Model 1 looked explicitly at the role of early maternal characteristics, net of controls. Of these measures, only mother’s cognitive ability retained a significant association with the odds of a teen birth, whereas mother’s marital status was marginally significant. Youth whose mothers were married at their birth were only 71% as likely as those who mothers were unmarried to have a nonmarital teen birth. Each 1% increase in mother’s AFQT score was associated with a 1% reduction in the odds of a teen birth.
Model 2 added measures of the adolescent’s family environment. Of these measures, family structure and the quality of the home environment were significantly associated with the odds of a nonmarital teen birth. Interestingly, youth who lived with two biological parents had no lower risk of a teen birth than did youth who lived with a single mother. However, adolescents who lived with a stepparent or had a grandparent in the household were almost half as likely to have a teen birth as were youth who lived with single mothers. Higher HOME-SF scores, reflecting higher levels of parental warmth and involvement, were associated with reduced odds of a teen birth. As expected, the inclusion of these adolescent family measures did, in fact, attenuate the association between early maternal characteristics and the odds of a teen birth.
Model 3 added the adolescent’s attitudes and behaviors.
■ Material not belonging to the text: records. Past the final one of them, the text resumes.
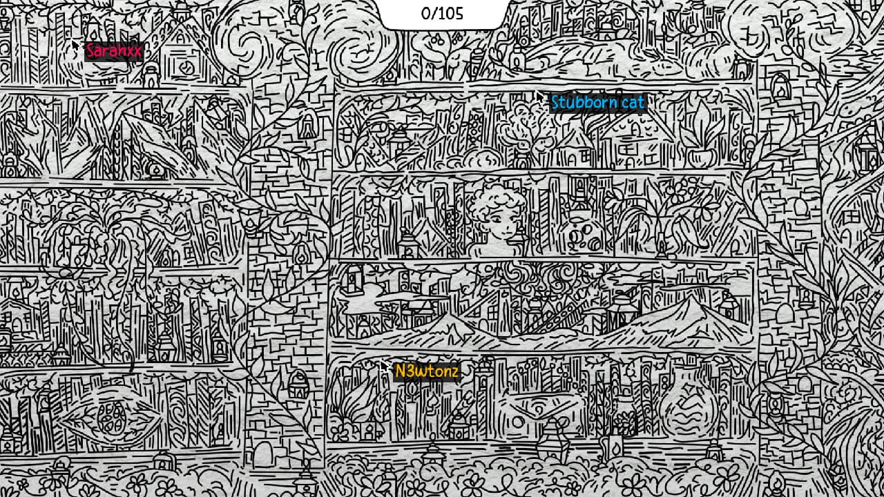 Search an incredibly detailed hand-drawn environment for lanterns. When you find one, click it to mark it as yours. The game is won once everything has been found, and a scoreboard will be displayed showing who found what. No time limit, just you and your friends. Singleplayer is available too!
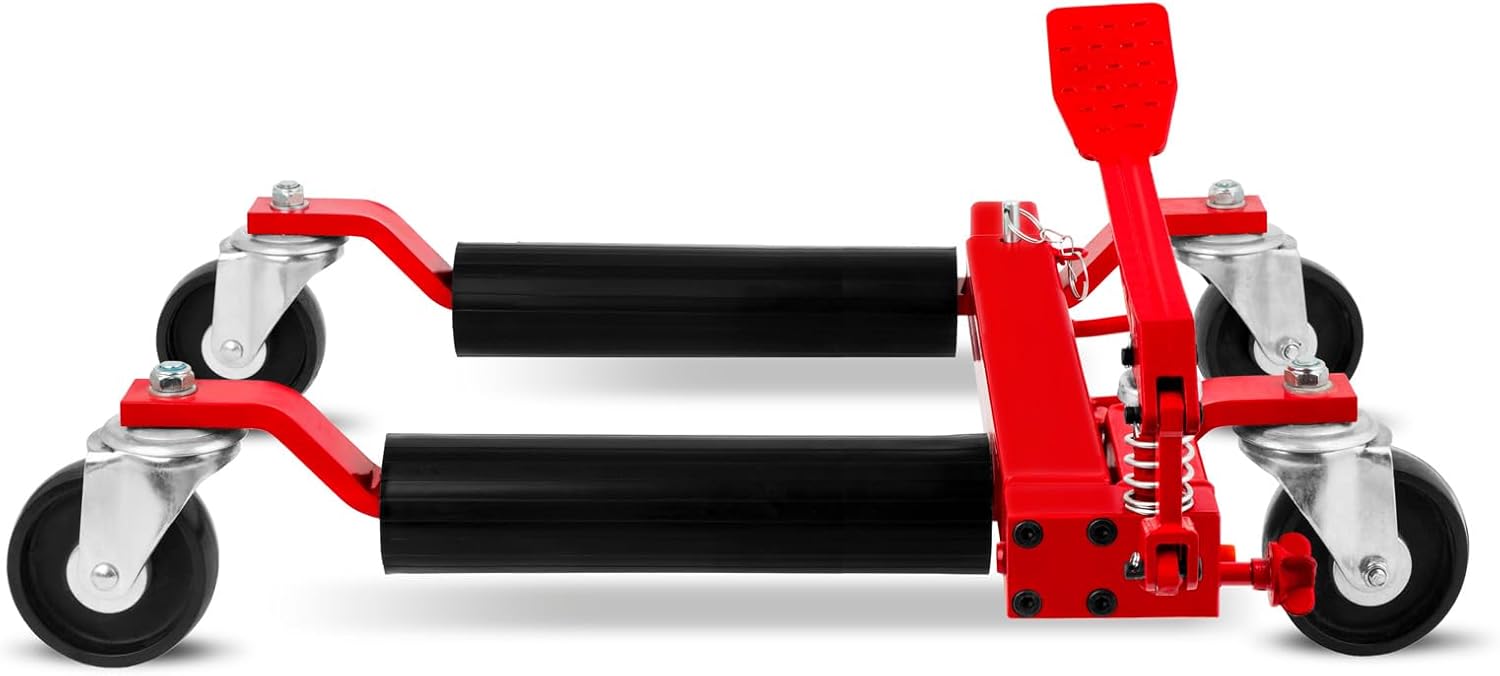 - EINFACHE BEDIENUNG / HOHE SICHERHEIT: Die Parallelstangen der Rangierhilfe werden per Fusspedal hydraulisch zueinander gepumpt. Wenn der Reifen in der Luft ist, werden die Parallelstangen durch einen Stahlbolzen gesichert.
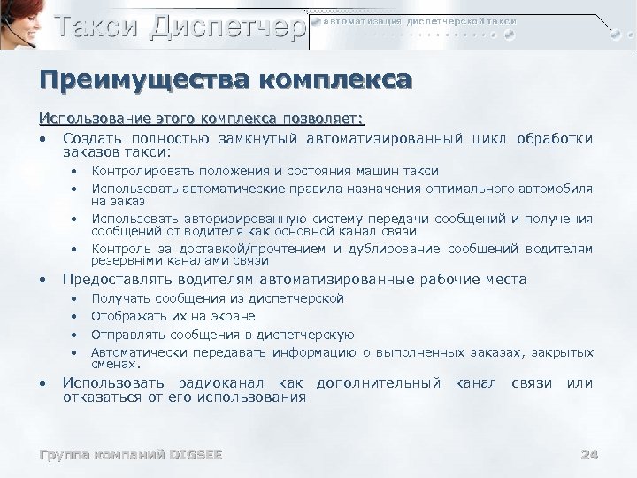 Преимущества комплекса Использование этого комплекса позволяет: • Создать полностью замкнутый автоматизированный цикл обработки заказов такси: • • • Предоставлять водителям автоматизированные рабочие места • • • Контролировать положения и состояния машин такси Использовать автоматические правила назначения оптимального автомобиля на заказ Использовать авторизированную систему передачи сообщений и получения сообщений от водителя как основной канал связи Контроль за доставкой/прочтением и дублирование сообщений водителям резервніми каналами связи Получать сообщения из диспетчерской Отображать их на экране Отправлять сообщения в диспетчерскую Автоматически передавать информацию о выполненных заказах, закрытых сменах. Использовать радиоканал как дополнительный канал связи или отказаться от его использования Группа компаний DIGSEE 24
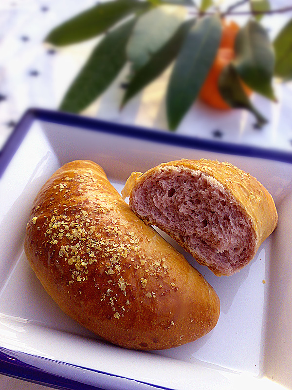 高筋粉270克;紫薯泥50克;盐2克;糖40克;水60克;黄油35克;淡奶油100克;酵母5克;蛋1个;
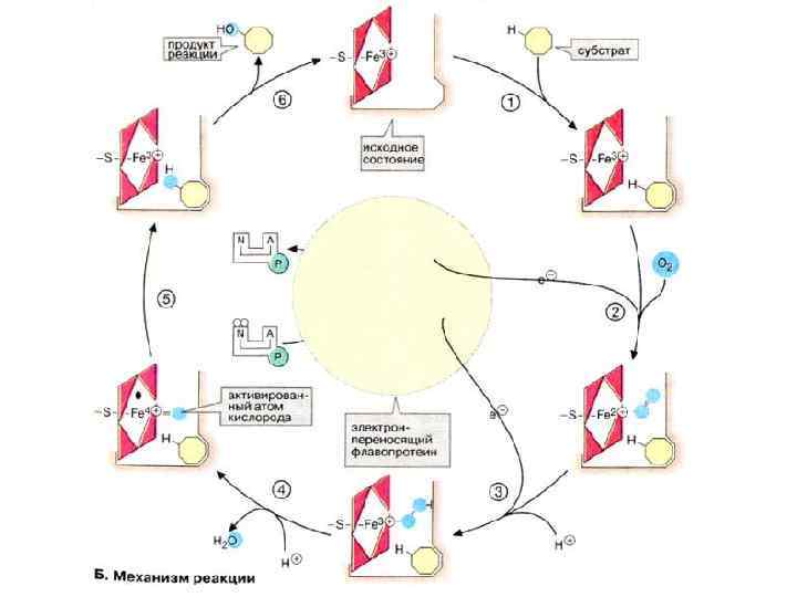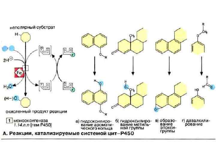 Реакции, катализируемые системой цит. Р 450 Цит. Р 450 -зависимые монооксигеназы катализируют расщепление веществ разного типа с участием НАДФН и молекулярного кислорода (О 2). При этом один атом кислорода присоединяется к субстрату, а второй освобождается в составе молекулы воды. В реакции принимает участие флавопротеин, выполняющий функцию переносчика восстановительного эквивалента с кофермента НАДФН + Н+ на собственно монооксигеназу, которая переносит электроны на молекулярный кислород.
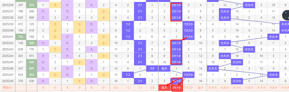 如图所示,上期开出2大1小,本期给的推测2大1小重,防全大顺位,个位01234 十位大码:56789 十百位大码:56789,接下来推测本期奇偶比

Of the seven measures, three were significantly associated with the risk of a nonmarital teen birth. Respondents who used alcohol, but not illegal drugs, had almost 50% greater odds of a nonmarital teen birth than respondents who used no substances. Respondents who agreed that the best age to have children was 25 years or younger had 63% greater odds of a nonmarital teen birth than those who disagreed with this statement. Finally, a higher score on the risky behaviors index was associated with marginally greater odds of a nonmarital teen birth. Again, as expected, including these measures in the model attenuated the association between HOME-SF score and the risk of a teen birth, suggesting that the home environment and parenting quality work, in part, by shaping the attitudes and behavior of youth.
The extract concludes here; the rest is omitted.